Dataset excerpts:
[Start of Attachment]

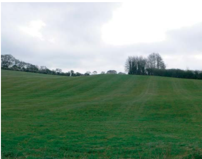
Convex farmland slopes.
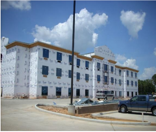
Holiday Inn Express & Suites Hearne, Texas
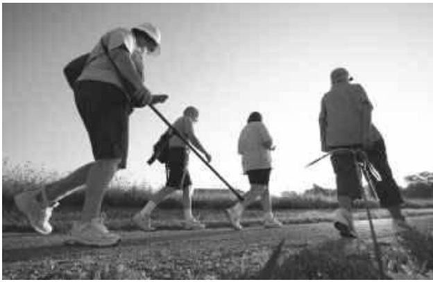
Members of the American Volkssport Association participated Wednesday in 5K, 10K and 17K walks at White Rock Lake during their biennial convention. The word volkssport is German and literally means 'people's sports.'
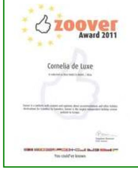
ZOOVER – BEST HOTEL BELEK
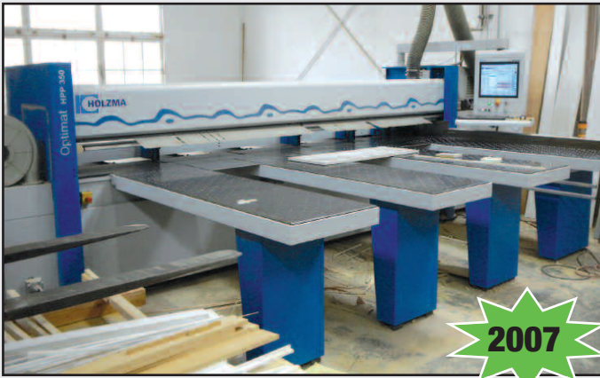
Holzma Optimat HPP 350/43/43, 12' Horizontal CNC Panel Saw
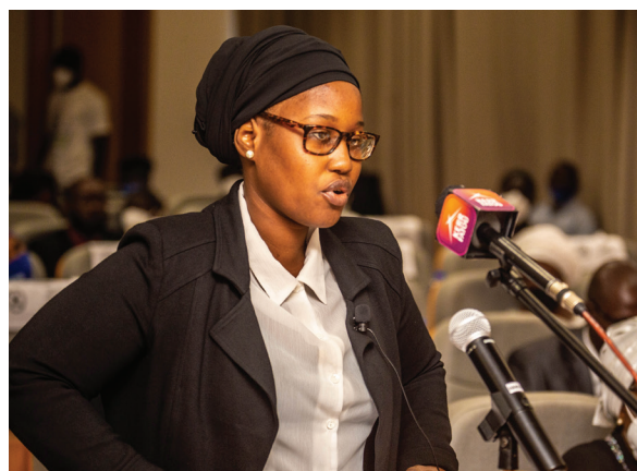
Highlights of the Moot Court Final
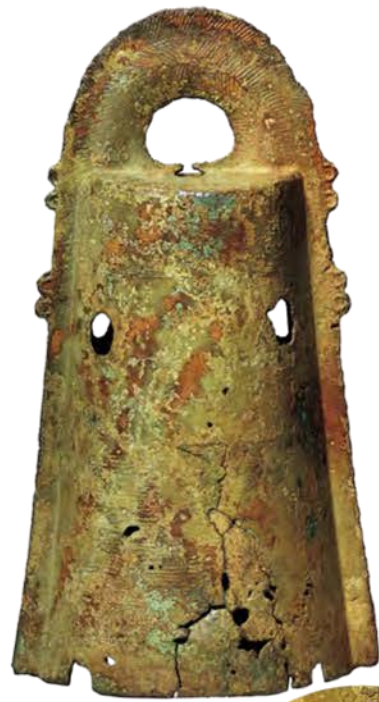
Important Cultural Property Dōtaku Ritual Bell with Flowing Water Pattern Cast bronze. Excavated from Inomukai, Fukui, Japan, Middle Yayoi period, 3rd–1st century BCE Tatsuuma Collection of Fine Arts, Hyogo

[End of Attachment]

With images excluded, write the records above out again exactly.

Convex farmland slopes.
Holiday Inn Express & Suites Hearne, Texas
Members of the American Volkssport Association participated Wednesday in 5K, 10K and 17K walks at White Rock Lake during their biennial convention. The word volkssport is German and literally means 'people's sports.'
ZOOVER – BEST HOTEL BELEK
Holzma Optimat HPP 350/43/43, 12' Horizontal CNC Panel Saw
Highlights of the Moot Court Final
Important Cultural Property Dōtaku Ritual Bell with Flowing Water Pattern Cast bronze. Excavated from Inomukai, Fukui, Japan, Middle Yayoi period, 3rd–1st century BCE Tatsuuma Collection of Fine Arts, Hyogo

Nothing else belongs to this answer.